フルーエ王子とは暗い話ばかりになったが、また、冒険に出る事を喜んでくれた。
それだけに少し、王都から離れるのが辛く感じるタウロであった。
「もう少し、王都での滞在期間伸ばさない?」
エアリスが気を遣ったのかタウロにそう声を掛けた。
二人は王城を出て王都の街を歩いているところだ。
「そうだね……、それでいい?でも三人にもその事を相談しないといけないなぁ。今、三人はどこにいるんだろう?」
タウロはラグーネ達の場所をエアリスに聞く。
というのもエアリスは仲間限定でその位置をある程度把握できる魔法を覚えているからだ。
「ちょっと待って。……『魔力探知』」
エアリスが黒壇の杖を天に掲げて、魔法を唱える。
エアリスの魔力が水の波紋のように王都に広がっていく。
「あれ?ラグーネの気配が無いわ。もしかしたら、竜人族の村に帰っているのかも……。それにシオンの魔力があまり感じられない。場所は王都内だけど周囲に民家のないやけに開けた場所にいるみたい……。アンクの魔力もあるけど、そっちも微弱……。場所は、大衆飲み屋通り近く、その裏の通りの広場かしら……。──やっぱりこの感じ、おかしいわ!タウロ、私はシオンの方に向かうから、アンクの方はタウロが向かって!」
エアリスが仲間の魔力に異常を感じて、タウロにそう告げた。
丁度通りの角に宿屋があり、そこの傍に何頭もの馬が留め置かれている場所が見えた。
「う、うん、わかった!そこで馬を借りよう!──ぺら、念の為付いていってエアリスを守って!」
タウロのベルトに擬態していたスライムエンペラーのぺらは主の命令に擬態を解いてぴょんと跳ねるとエアリスの肩に飛び乗った。

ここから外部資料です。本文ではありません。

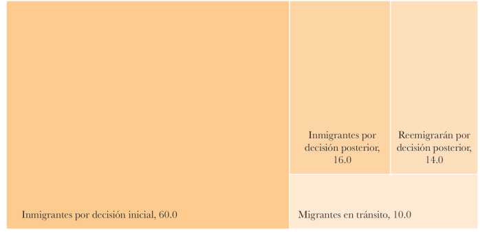 La salida del país, el tránsito y la llegada a un nuevo país son momentos icónicos que marcan la experiencia migratoria internacional de las personas. Durante el “tiempo expuesto a la migración internacional”, entendido como el lapso que ha durado el proceso migratorio (número de años, por ejemplo) desde la salida del país de origen hasta el presente, las condiciones de viaje y de vida cambian y dependen de los recursos con los que cuente la persona en movimiento. En esa experiencia migratoria la elección del país al cual migrar suele determinarse por la experiencia migratoria previa, por la experiencia migratoria ajena (familiares, amigos o paisanos) e, incluso, irse definiendo en el viaje migratorio. De la misma manera, los vínculos o redes sociales moldean la experiencia migratoria en la búsqueda de un lugar para descansar o vivir, en el acceso a alimentos, atención médica, regularización migratoria, el conocimiento de la ciudad, entre otros.

二人はそこで宿屋の主人に大金を見せ、馬を手っ取り早く二頭借りると、二人共すぐに跨り、アンクとシオンの居場所にそれぞれ馬を走らせるのであった。
その数時間前の事。
ラグーネは王都の裁縫通りでシオンと二人、買い物をしていた。
「ラグーネさん、これ良くないですか?」
シオンが冒険とは関係なさそうな可愛いフリルが付いた服を自分に合わせるようにしてラグーネに見せた。
「シオンに似合っているんじゃないか?」
ラグーネがそう褒めた時であった。
店内の奥にいたシオンから見てラグーネは店先にいたのだが、その背後に人影が現れた気がした。
気がしたというのも、文字通り、一瞬そう見えたのだ。
そして、次の瞬間、その一瞬の人影と共に、視線の先にいたラグーネの姿が消えていた。
「え?」
シオンは一瞬の出来事に目を疑った。
慌てて手にしていた服を傍の棚に乱雑に戻すと店先に走る。
「ラグーネさん!?どこですか!?」
シオンが通りの左右を確認するがそこにラグーネの姿は無かった。
そして、その足元を見ると、まだ新しい血痕が残っていた。
文字通り、今、流れたばかりという感じの血痕がそこにはある。
シオンはその血痕がラグーネのものである直感でそう感じた。
呆然とシオンがその地面に落ちた血痕も見ていると、背中に熱いものを感じた。
そして、激痛が全身に走る。
「痛っ!」
そう叫んだ時、すでに裁縫通りから何もない空き地のようなところの中央にシオンは立っていた。
シオンはあまりの激痛に背中の辺りに手を回す。
刃物が刺さっていた。
そして、痛みと共に痺れが全身に駆け巡ってくる。
シオンは立っている事が出来ずに膝を突いた。
背後を見るとフード姿の人物が、立っている。
「……ここで待っていろ。もう一人に止めを刺したいのでな」
声からして男だろう。
その人物は、そう告げると次の瞬間にはその場から消えていた。
「……しゅ、瞬間移動……?」
シオンは全身に回る痺れに耐え切れず、その場に倒れ込むのであった。
ラグーネは裁縫店の店先で、背後に人の気配と殺気を感じた瞬間、それと同時に脇腹に激痛が走った。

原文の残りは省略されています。